■ Work required ■
Would you return the entries below exactly from the line containing "奇檬子天然檸檬生態濃縮洗衣精-2000ml瓶裝" onward, ending with the final line and including it, and nothing else?

─── Input for this task ───

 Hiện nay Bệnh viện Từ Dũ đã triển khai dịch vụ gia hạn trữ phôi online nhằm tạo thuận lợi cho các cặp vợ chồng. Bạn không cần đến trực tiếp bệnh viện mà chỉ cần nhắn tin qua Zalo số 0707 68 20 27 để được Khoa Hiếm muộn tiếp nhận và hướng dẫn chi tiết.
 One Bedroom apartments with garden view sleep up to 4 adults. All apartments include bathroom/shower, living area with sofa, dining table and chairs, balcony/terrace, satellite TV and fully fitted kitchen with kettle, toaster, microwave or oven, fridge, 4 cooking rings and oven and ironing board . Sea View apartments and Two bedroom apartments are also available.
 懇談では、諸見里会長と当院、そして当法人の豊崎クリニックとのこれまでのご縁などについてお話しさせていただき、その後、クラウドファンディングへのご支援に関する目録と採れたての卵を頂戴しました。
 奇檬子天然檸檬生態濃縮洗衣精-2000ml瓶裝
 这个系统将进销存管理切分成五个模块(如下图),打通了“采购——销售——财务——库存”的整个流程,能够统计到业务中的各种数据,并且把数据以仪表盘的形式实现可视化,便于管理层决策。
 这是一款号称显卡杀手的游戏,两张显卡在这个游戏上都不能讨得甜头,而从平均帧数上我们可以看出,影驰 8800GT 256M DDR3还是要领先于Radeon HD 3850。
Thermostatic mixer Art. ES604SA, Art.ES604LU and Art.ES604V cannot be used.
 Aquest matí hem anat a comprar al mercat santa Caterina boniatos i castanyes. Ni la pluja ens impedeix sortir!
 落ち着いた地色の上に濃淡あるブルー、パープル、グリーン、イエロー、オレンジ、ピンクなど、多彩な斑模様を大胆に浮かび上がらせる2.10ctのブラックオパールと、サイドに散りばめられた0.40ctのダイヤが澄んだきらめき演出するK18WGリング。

───

■ Expected output ■
 奇檬子天然檸檬生態濃縮洗衣精-2000ml瓶裝
 这个系统将进销存管理切分成五个模块(如下图),打通了“采购——销售——财务——库存”的整个流程,能够统计到业务中的各种数据,并且把数据以仪表盘的形式实现可视化,便于管理层决策。
 这是一款号称显卡杀手的游戏,两张显卡在这个游戏上都不能讨得甜头,而从平均帧数上我们可以看出,影驰 8800GT 256M DDR3还是要领先于Radeon HD 3850。
Thermostatic mixer Art. ES604SA, Art.ES604LU and Art.ES604V cannot be used.
 Aquest matí hem anat a comprar al mercat santa Caterina boniatos i castanyes. Ni la pluja ens impedeix sortir!
 落ち着いた地色の上に濃淡あるブルー、パープル、グリーン、イエロー、オレンジ、ピンクなど、多彩な斑模様を大胆に浮かび上がらせる2.10ctのブラックオパールと、サイドに散りばめられた0.40ctのダイヤが澄んだきらめき演出するK18WGリング。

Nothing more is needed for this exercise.